Task to carry out: Pictures excluded, retype the lines from the one containing "(Lund, 1842), intensive" through the last line of the data below, both included.

Supplied information:

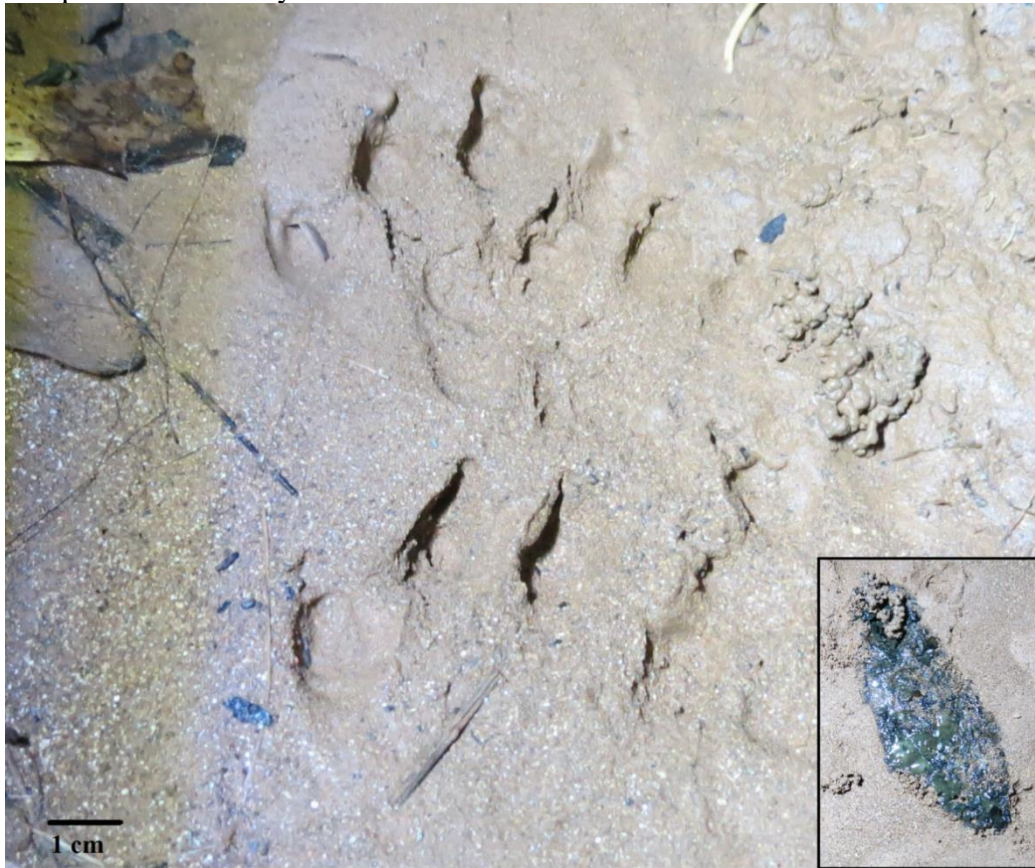
Figure 2. Footprints and mucus (insert) of Lontra longicaudis recorded in Ribeirão da Mata creek affluent, Lagoa Santa municipality, Minas Gerais state, southeastern Brazil.

(Lund, 1842), intensive searches will be conducted to better determine if the species still persists in such system.
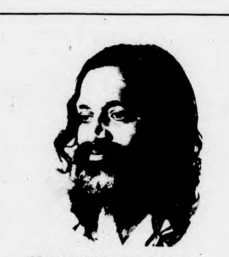
Maharishi Mahesh Yogi.

You may make your own room reservations by calling or writing to: Toronto-Downtown Holiday Inn, 89 Chestnut St., Toronto, Ontario M5E 1R1. Phone (416) 367-0707. (The Holiday Inn is located next to City Hall).

Task output:
(Lund, 1842), intensive searches will be conducted to better determine if the species still persists in such system.
Maharishi Mahesh Yogi.

You may make your own room reservations by calling or writing to: Toronto-Downtown Holiday Inn, 89 Chestnut St., Toronto, Ontario M5E 1R1. Phone (416) 367-0707. (The Holiday Inn is located next to City Hall).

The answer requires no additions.